=== Supplied material ===
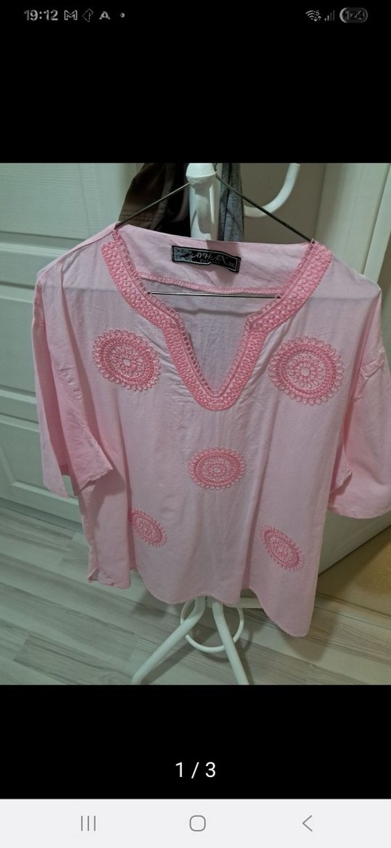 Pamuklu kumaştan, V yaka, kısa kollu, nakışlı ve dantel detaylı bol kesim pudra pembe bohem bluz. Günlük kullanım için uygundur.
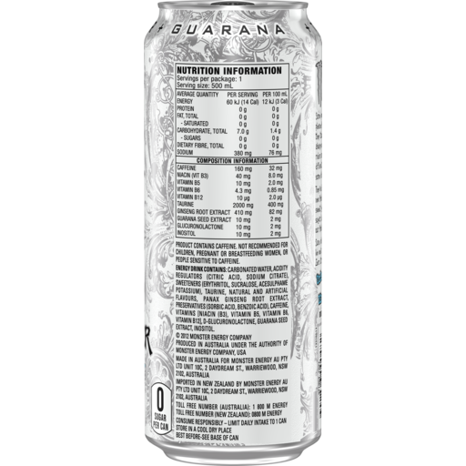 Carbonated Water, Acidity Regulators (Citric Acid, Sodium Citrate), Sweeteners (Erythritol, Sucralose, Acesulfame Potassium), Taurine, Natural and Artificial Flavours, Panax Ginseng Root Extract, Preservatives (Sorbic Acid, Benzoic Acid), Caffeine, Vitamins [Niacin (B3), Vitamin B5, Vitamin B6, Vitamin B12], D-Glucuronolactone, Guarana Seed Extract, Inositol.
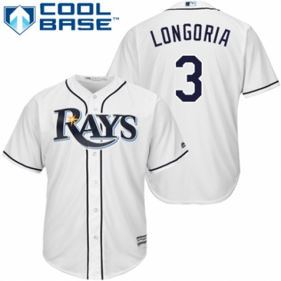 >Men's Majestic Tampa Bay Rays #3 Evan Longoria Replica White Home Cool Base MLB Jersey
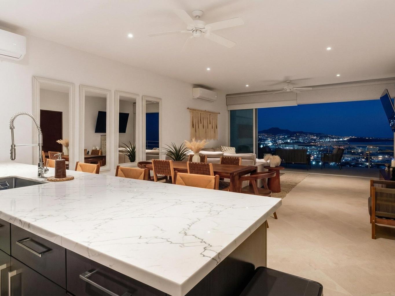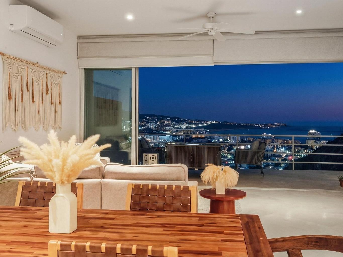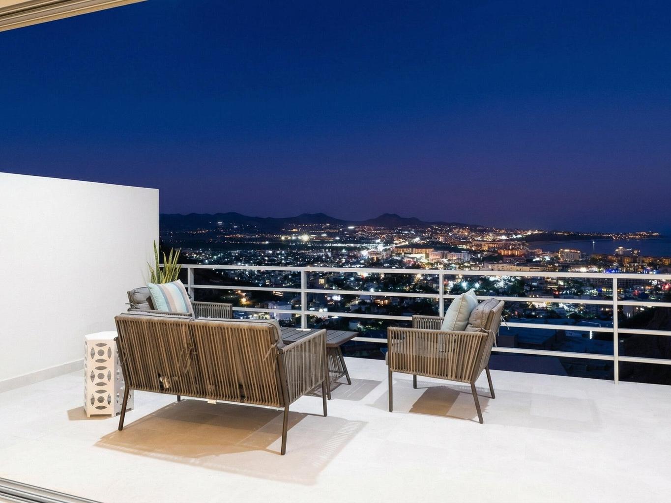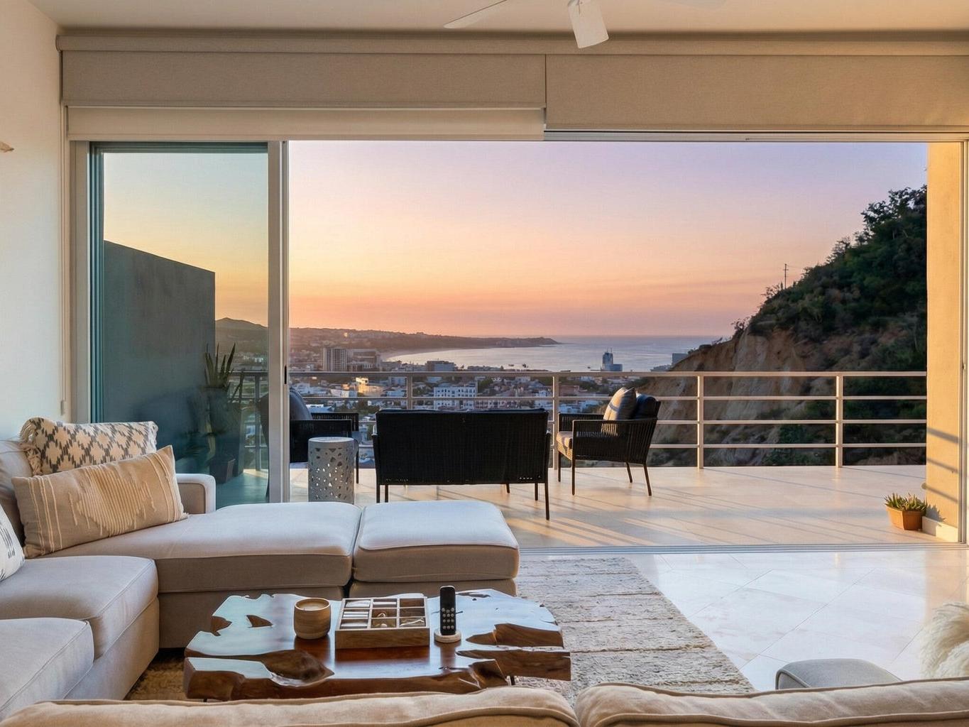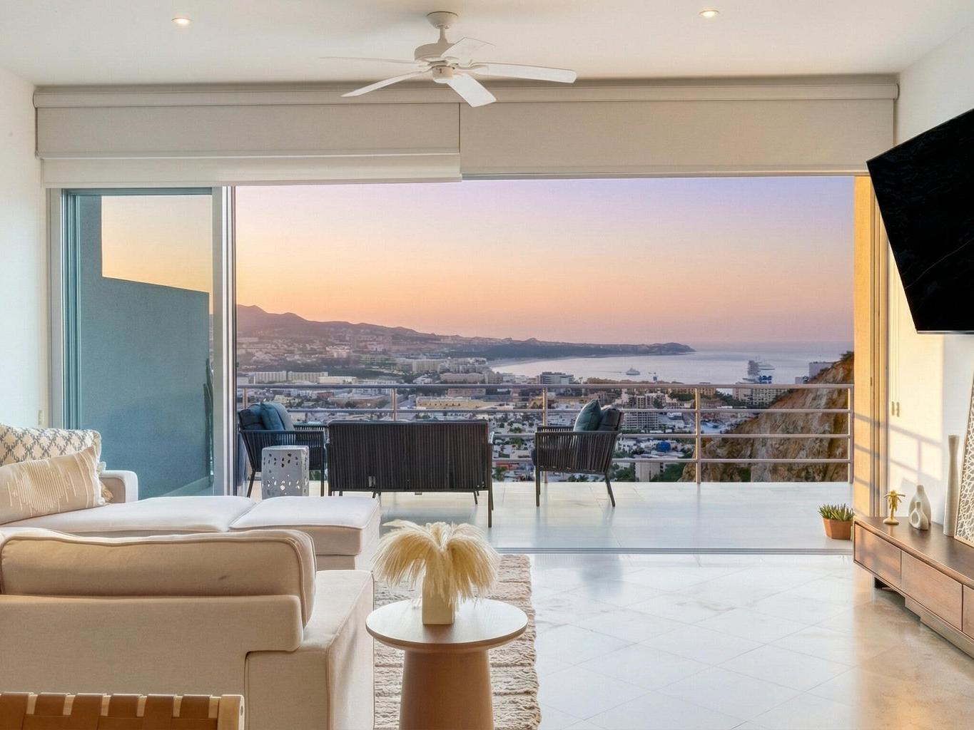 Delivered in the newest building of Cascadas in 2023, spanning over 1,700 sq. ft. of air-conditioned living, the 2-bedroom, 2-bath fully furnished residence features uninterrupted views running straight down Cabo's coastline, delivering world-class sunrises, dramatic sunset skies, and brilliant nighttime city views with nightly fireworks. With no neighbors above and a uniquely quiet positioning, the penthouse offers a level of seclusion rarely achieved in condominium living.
===
== What the task requires ==
Could you repeat all of the material exactly? Pictures should not be copied.

== Output ==
 Pamuklu kumaştan, V yaka, kısa kollu, nakışlı ve dantel detaylı bol kesim pudra pembe bohem bluz. Günlük kullanım için uygundur.
 Carbonated Water, Acidity Regulators (Citric Acid, Sodium Citrate), Sweeteners (Erythritol, Sucralose, Acesulfame Potassium), Taurine, Natural and Artificial Flavours, Panax Ginseng Root Extract, Preservatives (Sorbic Acid, Benzoic Acid), Caffeine, Vitamins [Niacin (B3), Vitamin B5, Vitamin B6, Vitamin B12], D-Glucuronolactone, Guarana Seed Extract, Inositol.
 >Men's Majestic Tampa Bay Rays #3 Evan Longoria Replica White Home Cool Base MLB Jersey
 Delivered in the newest building of Cascadas in 2023, spanning over 1,700 sq. ft. of air-conditioned living, the 2-bedroom, 2-bath fully furnished residence features uninterrupted views running straight down Cabo's coastline, delivering world-class sunrises, dramatic sunset skies, and brilliant nighttime city views with nightly fireworks. With no neighbors above and a uniquely quiet positioning, the penthouse offers a level of seclusion rarely achieved in condominium living.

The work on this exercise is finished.